# Work to be completed:
Beginning with the line that holds "Stary striped tapered", copy each line through the end of the material below, exactly and with no pictures.

# Exercise data:
——

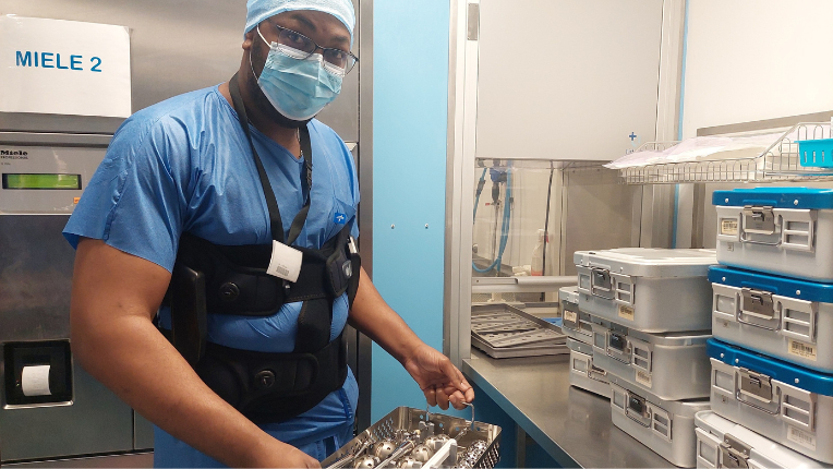 Scalpels, marteaux, ciseaux… Hemerick conditionne les instruments destinés au bloc opératoire. Cet agent de stérilisation à la Clinique Saint-Louis, à Poissy (Yvelines), est chargé du tri, du lavage et de la constitution des kits utilisés en chirurgie. Un métier physique, avec des conditions de travail difficiles, qui générait beaucoup de turnover dans le service. Mais ça, c’était avant l’arrivée des exosquelettes. « Depuis un an, l’équipe est stable, elle n’a pas changé, et nous n’avons plus eu d’arrêts maladie liés au travail », se réjouit Laura Bestman, directrice projets dans l’établissement.
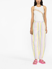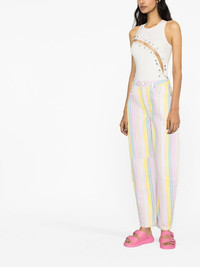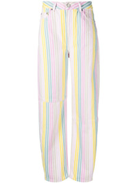 Stary striped tapered jeans GANNI's Stary jeans showcase the brand's playful style through their multicolour stripes. They boast a voluminous curved-leg silhouette, adding to that fun aesthetic. Highlights - Multicolour - Organic cotton - Denim - Vertical stripe print - Mid-rise - Belt loops - Button fly fastening - Classic five pockets - Tapered leg Imported Composition Organic Cotton 100% SIZE & FIT Model measurements Height 5 ft 10 in(1.78 m) Bust/Chest 31.49 in(80 cm) Hips 35.03 in(89 cm) Waist 23.62 in(60 cm) Measurement FRONT RISE 12.59 in(32 cm) INSIDE LEG 28.74 in(73 cm) HIPS 40.94 in(104 cm) FittingInformation Designed for a tapered fit, these jeans allow a close fit at the waist and a loose unrestricted fit over the leg with a closer fit towards the ankle Sturdy and hard-wearing, this denim piece offers no stretch This piece fits true to size – take your usual size Washing instructions Machine Wash
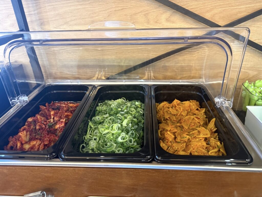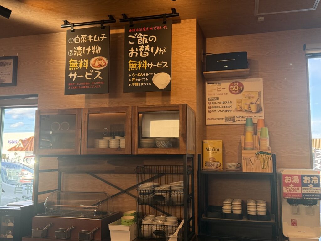 嬉しいことに、白菜キムチや漬物、ご飯のお替り無料サービスもあり。

——

# The completed task:
 Stary striped tapered jeans GANNI's Stary jeans showcase the brand's playful style through their multicolour stripes. They boast a voluminous curved-leg silhouette, adding to that fun aesthetic. Highlights - Multicolour - Organic cotton - Denim - Vertical stripe print - Mid-rise - Belt loops - Button fly fastening - Classic five pockets - Tapered leg Imported Composition Organic Cotton 100% SIZE & FIT Model measurements Height 5 ft 10 in(1.78 m) Bust/Chest 31.49 in(80 cm) Hips 35.03 in(89 cm) Waist 23.62 in(60 cm) Measurement FRONT RISE 12.59 in(32 cm) INSIDE LEG 28.74 in(73 cm) HIPS 40.94 in(104 cm) FittingInformation Designed for a tapered fit, these jeans allow a close fit at the waist and a loose unrestricted fit over the leg with a closer fit towards the ankle Sturdy and hard-wearing, this denim piece offers no stretch This piece fits true to size – take your usual size Washing instructions Machine Wash
 嬉しいことに、白菜キムチや漬物、ご飯のお替り無料サービスもあり。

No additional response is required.